*** Supplied data ***

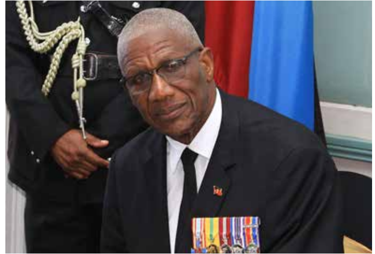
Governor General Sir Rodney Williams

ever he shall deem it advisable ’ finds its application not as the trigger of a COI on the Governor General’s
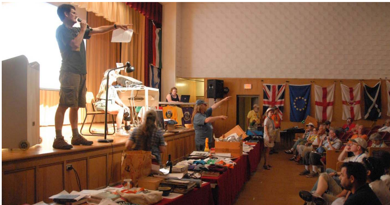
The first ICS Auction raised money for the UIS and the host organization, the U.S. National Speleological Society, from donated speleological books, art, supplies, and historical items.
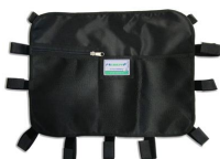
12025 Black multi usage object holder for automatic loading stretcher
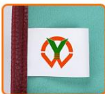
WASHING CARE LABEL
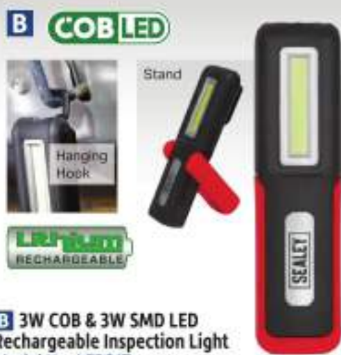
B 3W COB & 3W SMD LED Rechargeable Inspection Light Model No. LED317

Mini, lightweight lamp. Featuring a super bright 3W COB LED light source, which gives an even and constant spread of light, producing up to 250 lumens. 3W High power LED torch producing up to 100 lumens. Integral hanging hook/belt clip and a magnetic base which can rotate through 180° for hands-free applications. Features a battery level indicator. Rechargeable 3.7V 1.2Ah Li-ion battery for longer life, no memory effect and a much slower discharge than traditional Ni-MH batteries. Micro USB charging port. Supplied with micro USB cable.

***
*** Supplied data ***

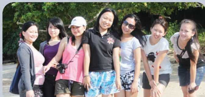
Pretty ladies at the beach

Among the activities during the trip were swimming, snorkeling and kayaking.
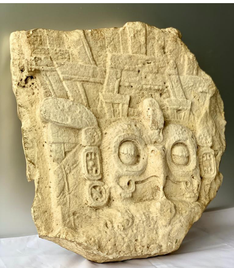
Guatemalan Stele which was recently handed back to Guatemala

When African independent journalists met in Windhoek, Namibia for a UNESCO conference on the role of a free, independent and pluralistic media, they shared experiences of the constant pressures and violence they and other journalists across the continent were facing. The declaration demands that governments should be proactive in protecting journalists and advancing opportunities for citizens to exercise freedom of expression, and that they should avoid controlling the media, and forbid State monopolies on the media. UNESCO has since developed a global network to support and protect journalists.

***
*** Supplied data ***

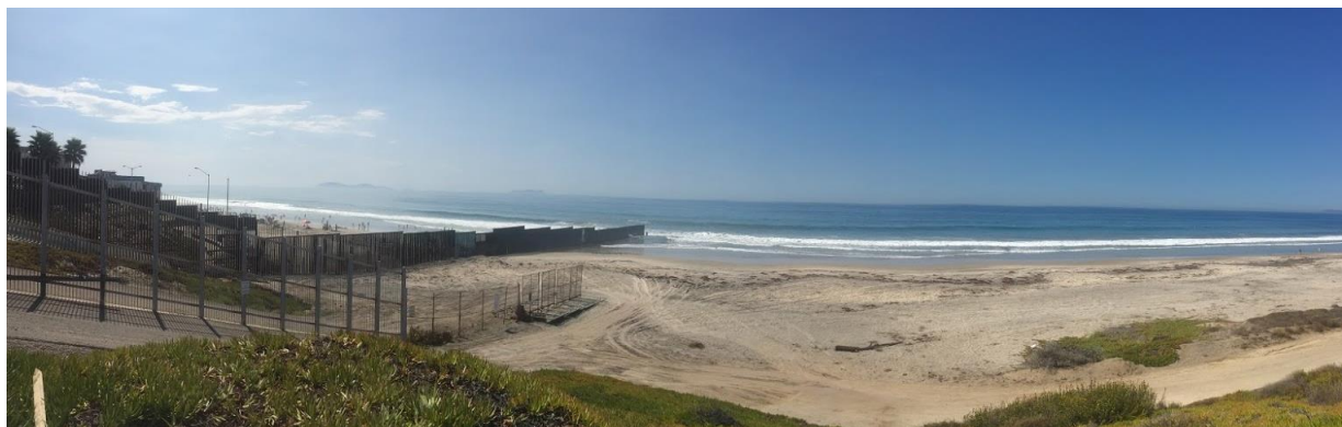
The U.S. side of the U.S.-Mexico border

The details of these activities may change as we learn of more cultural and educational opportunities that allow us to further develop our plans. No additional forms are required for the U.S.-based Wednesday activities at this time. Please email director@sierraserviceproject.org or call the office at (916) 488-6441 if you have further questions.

***

What the exercise asks: In the data above, find the line containing "Governor General Sir Rodney Williams" and the line containing "B 3W COB & 3W". Repeat those two lines and everything between them exactly, minus the pictures.

Response:
Governor General Sir Rodney Williams

ever he shall deem it advisable ’ finds its application not as the trigger of a COI on the Governor General’s
The first ICS Auction raised money for the UIS and the host organization, the U.S. National Speleological Society, from donated speleological books, art, supplies, and historical items.
12025 Black multi usage object holder for automatic loading stretcher
WASHING CARE LABEL
B 3W COB & 3W SMD LED Rechargeable Inspection Light Model No. LED317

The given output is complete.